Docker for Bioinformatics

Portable, Scalable and Reproducible Bioinformatics workflows

Credit: Composite image by Abhilesh Dhawanjewar featuring models by Sean Kenney (Docker whale) and CaptainVerbalCelery (DNA helix, via LEGO IDEAS), with background from Adobe Stock.

Bioinformatics analysis often involves complex pipelines with rapidly evolving software tools, each with their own set of dependencies. System compatibility, version mismatches and dependency conflict issues can often be a nightmare, making running and sharing bioinformatic pipelines a challenging task. These challenges not only waste valuable research time but also contribute to irreproducible workflows, where results depend as much on the computing environment as on the analysis itself. Docker offers a powerful solution by packaging software and its dependencies into portable, reproducible containers, ensuring that your bioinformatics pipelines run consistently, whether on your local machine, an HPC cluster, or the cloud.

What is Docker?

Imagine you’re baking a cake, but every time you try, your kitchen is missing key ingredients or uses a different oven that bakes at the wrong temperature. Docker is like a self-contained baking kit that comes with all the right ingredients, tools, and even its own portable oven, ensuring your cake turns out exactly the same no matter where you bake it. In bioinformatics, Docker does the same for software by packaging tools, dependencies, and environments so that analyses run reliably across different computing platforms.

How can Docker help?

The FAIR (Findable, Accessible, Interoperable, and Reusable) principles provide guidelines for maximizing the value of research data. Docker aligns bioinformatics workflows with these principles by ensuring software and environments are portable and reproducible:

Findability: Docker images can be easily found in registries like Docker Hub, with clear versioning and documentation for discovery.
Accessibility: Anyone with internet access and Docker installed can retrieve and use containerized tools, promoting open science.
Interoperability: Docker containers provide a consistent runtime environment across different systems, preventing dependency conflicts.
Reusability: Pre-built images allow researchers to reuse workflows without worrying about installation issues, fostering collaboration.

Getting Started

To begin, start by installing Docker on your system. Docker is available for all major operating systems and the installers can be downloaded from the official website.
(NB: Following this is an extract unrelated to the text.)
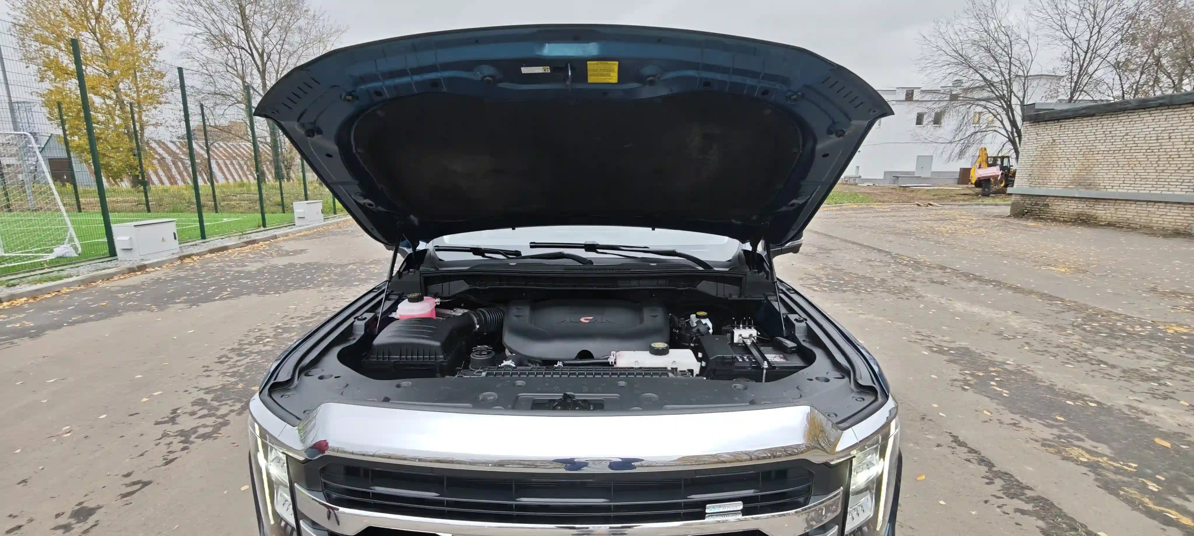 Под капотом сразу бросается в глаза наклейка Aucan — это бренд двигателей и силовых агрегатов, созданный FOTON в партнёрстве с Cummins (совместное предприятие Beijing FOTON Cummins Engine Co., Ltd., или BFCEC, с 2006 года).

For Windows and macOS users, the recommended approach is to install the Docker Desktop application, while Linux users can install Docker natively for a more lightweight setup.Docker Desktop creates a Linux virtual machine (VM) on Windows and macOS to run containers, whereas on a Linux machine, Docker runs natively without the need for a VM.

- Download the Docker Desktop installer for MacOS
- Follow the setup instructions to install Docker.
- Docker Desktop can now be launched by clicking the application icon.
- Download the Docker Desktop installer for Windows
- Follow the setup instructions to install Docker.
- Docker Desktop can now be launched by clicking the application icon.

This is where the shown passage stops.